— TASK DETAILS —
Below are entries. Give back exactly the lines from the one containing "The nave, 100" through the one containing "כאמור, הסטודיו מהווה", inclusive, without the pictures.

— INPUT MATERIAL —
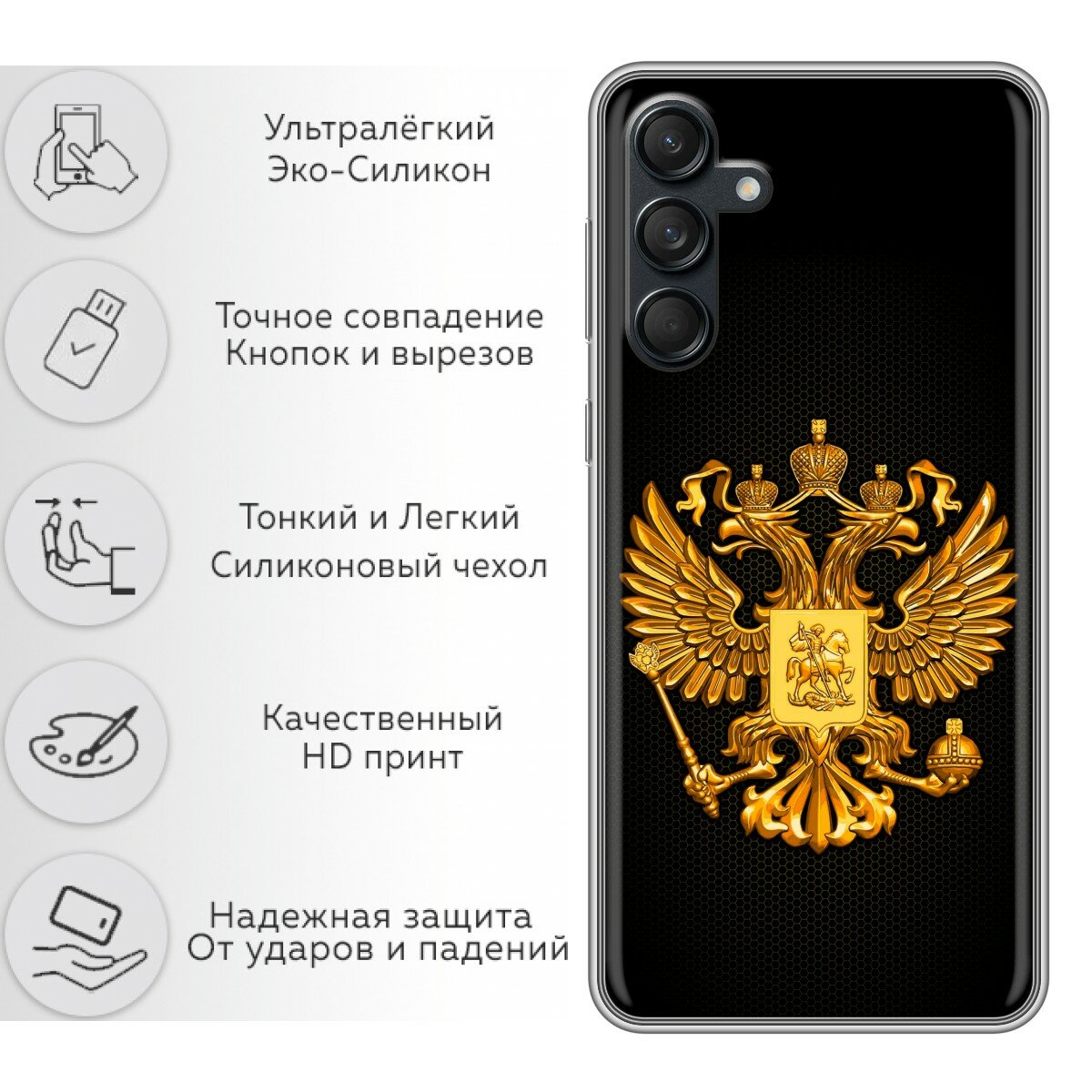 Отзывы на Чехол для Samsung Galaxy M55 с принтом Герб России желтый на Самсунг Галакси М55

---

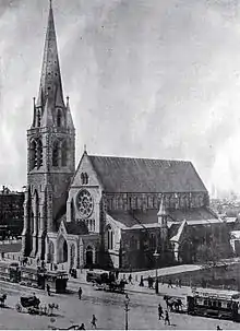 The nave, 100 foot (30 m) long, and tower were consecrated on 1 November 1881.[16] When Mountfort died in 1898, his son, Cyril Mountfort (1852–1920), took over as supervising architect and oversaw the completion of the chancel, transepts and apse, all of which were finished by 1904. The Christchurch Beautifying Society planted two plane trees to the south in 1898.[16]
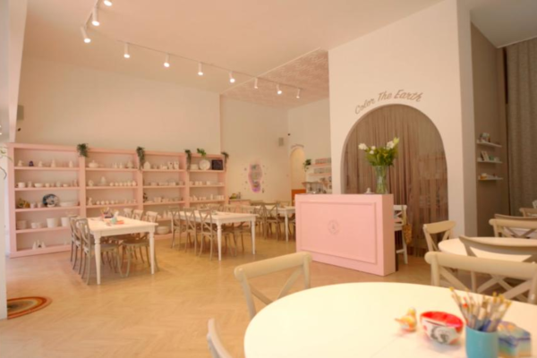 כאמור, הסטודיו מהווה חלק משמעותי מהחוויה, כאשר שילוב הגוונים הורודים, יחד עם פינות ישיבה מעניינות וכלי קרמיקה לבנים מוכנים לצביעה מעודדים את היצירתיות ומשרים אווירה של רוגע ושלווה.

...

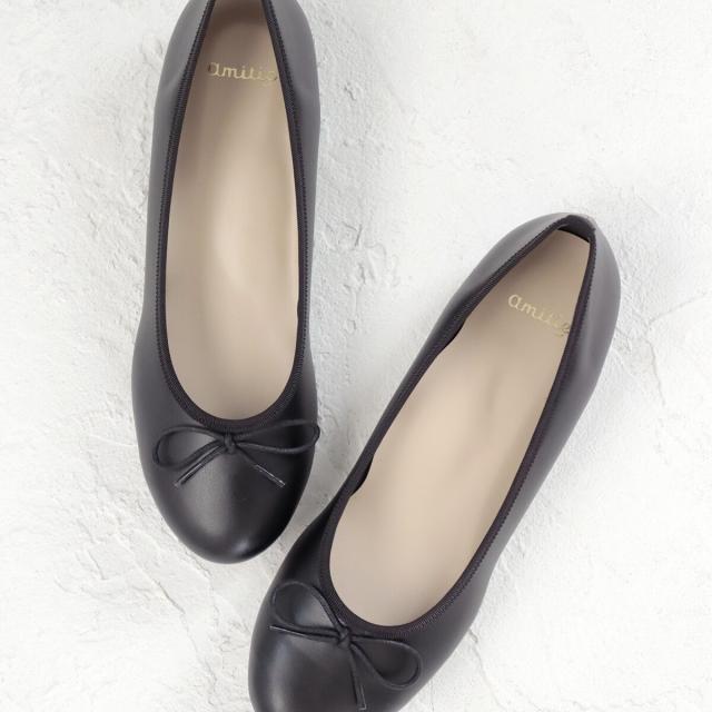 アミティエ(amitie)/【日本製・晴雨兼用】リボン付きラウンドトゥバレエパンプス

— TASK OUTPUT —
 The nave, 100 foot (30 m) long, and tower were consecrated on 1 November 1881.[16] When Mountfort died in 1898, his son, Cyril Mountfort (1852–1920), took over as supervising architect and oversaw the completion of the chancel, transepts and apse, all of which were finished by 1904. The Christchurch Beautifying Society planted two plane trees to the south in 1898.[16]
 כאמור, הסטודיו מהווה חלק משמעותי מהחוויה, כאשר שילוב הגוונים הורודים, יחד עם פינות ישיבה מעניינות וכלי קרמיקה לבנים מוכנים לצביעה מעודדים את היצירתיות ומשרים אווירה של רוגע ושלווה.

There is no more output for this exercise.